Exactly the lines from the one holding "В спальне лучше окна оформить шторами" through the end of the material below must be printed, nothing more, and the pictures must be dropped.

▸ **DATA BLOCK**
◇ ◇ ◇

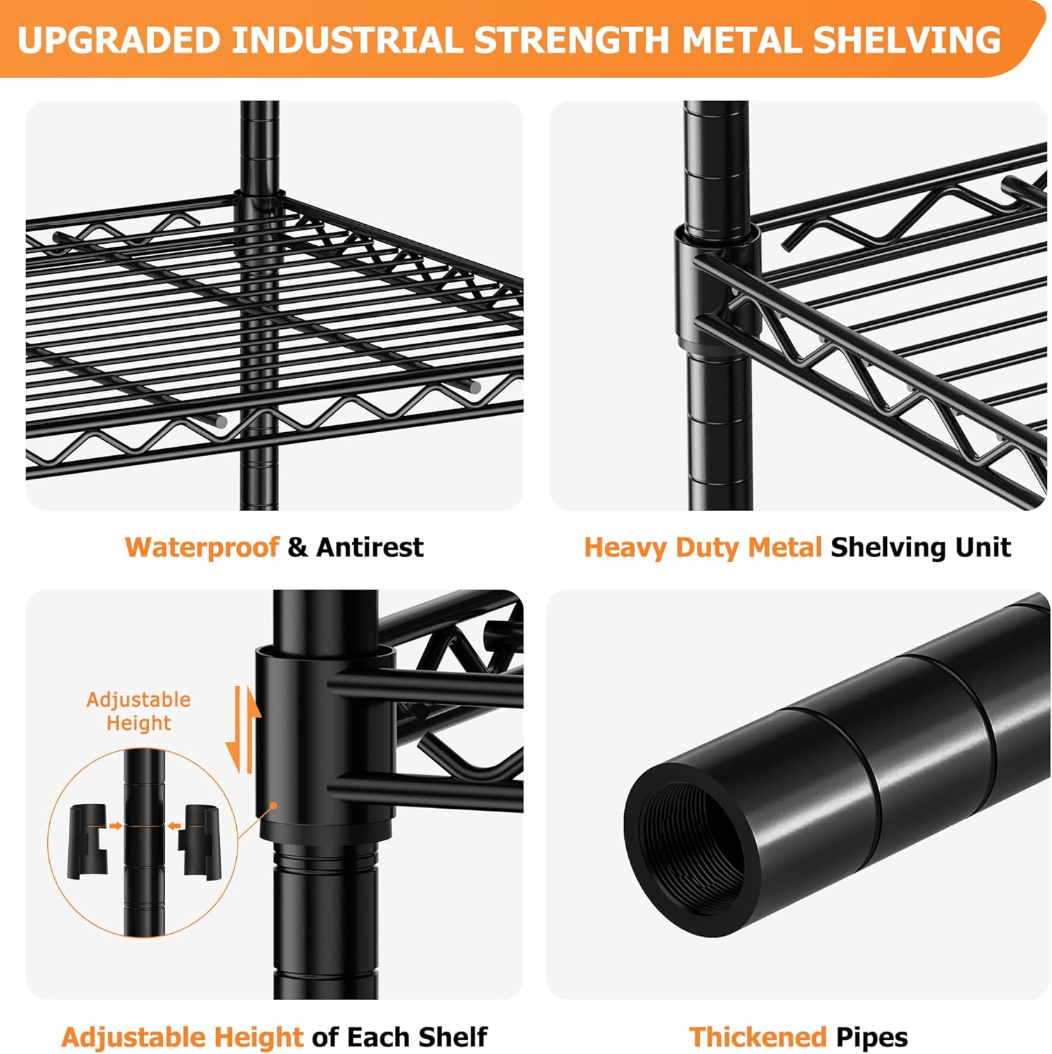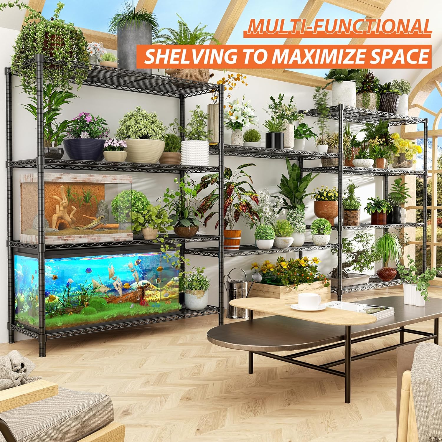 Roomtec Storage Shelves Heavy Duty, 48" L x 20" W x 72" H Garage Wire Shelving Unit Loads 2000LBS, 5-tier Adjustable Metal Industrial Utility Shelf Rack for Kitchen, Laundry Room, Pantry, Warehouse, Basement
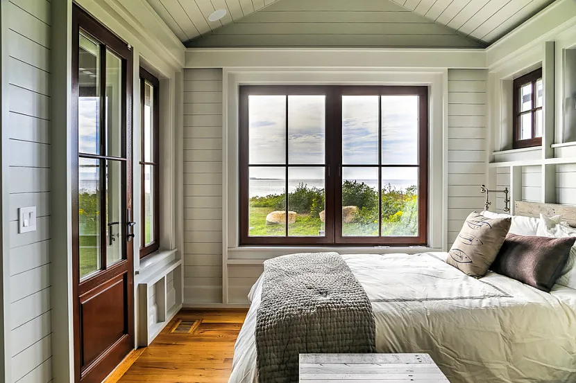 В спальне лучше окна оформить шторами
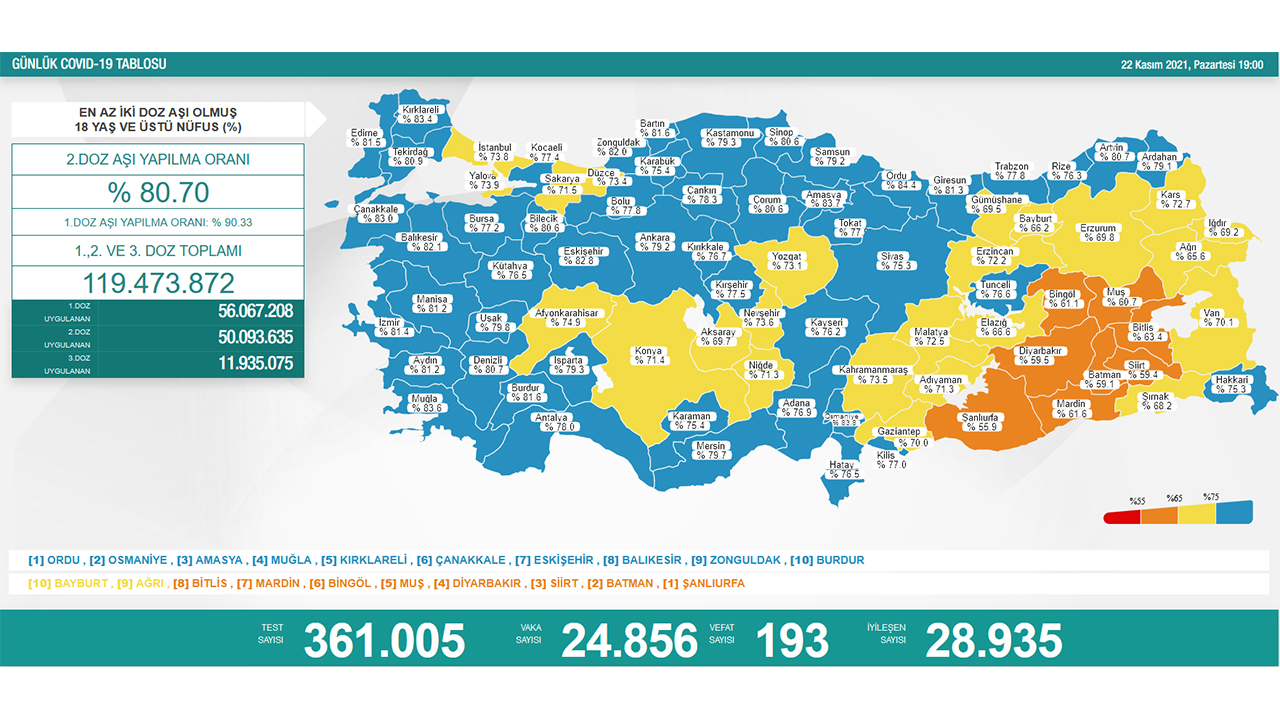 Nüfusa göre en çok aşı yapılan iller sırasıyla; Ordu, Osmaniye, Amasya, Muğla, Kırklareli, Çanakkale, Eskişehir, Balıkesir, Zonguldak ve Burdur oldu.
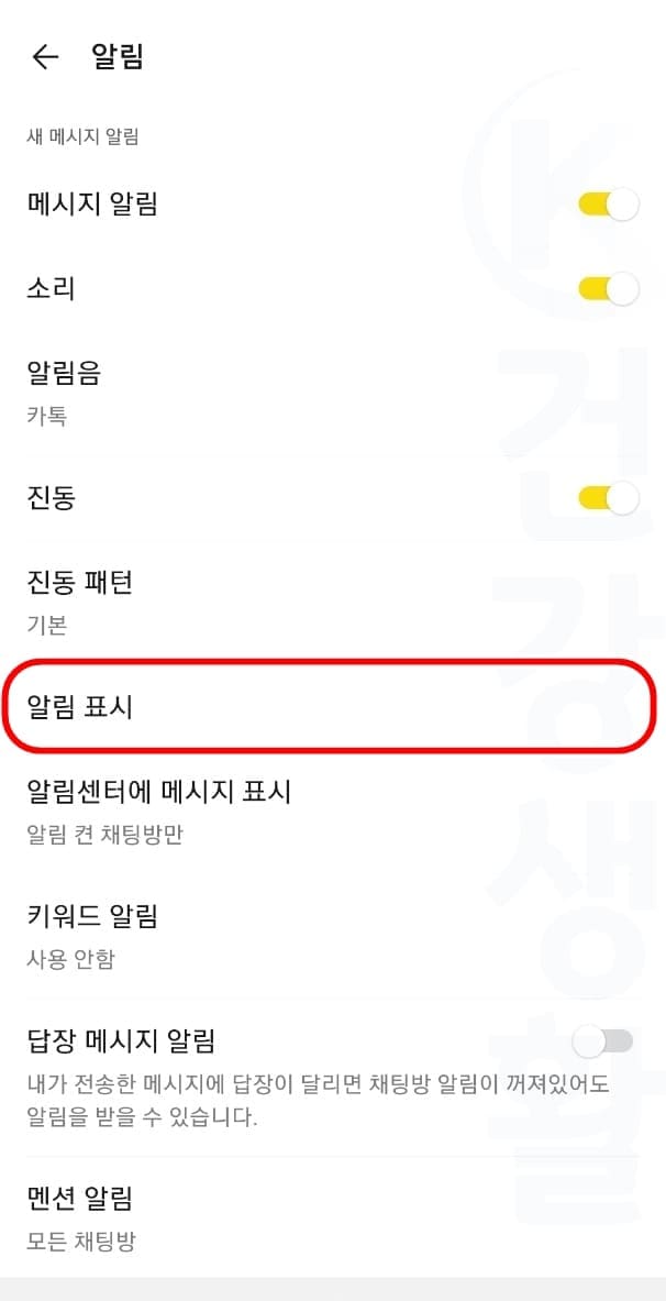 이렇게 설정을 하게 될 경우 나의 카카오톡 채팅방의 모든 메시지가 팝업 푸시, 상단바에서 알림되지 않습니다.

◇ ◇ ◇

▸ **YOUR RESPONSE**
 В спальне лучше окна оформить шторами
 Nüfusa göre en çok aşı yapılan iller sırasıyla; Ordu, Osmaniye, Amasya, Muğla, Kırklareli, Çanakkale, Eskişehir, Balıkesir, Zonguldak ve Burdur oldu.
 이렇게 설정을 하게 될 경우 나의 카카오톡 채팅방의 모든 메시지가 팝업 푸시, 상단바에서 알림되지 않습니다.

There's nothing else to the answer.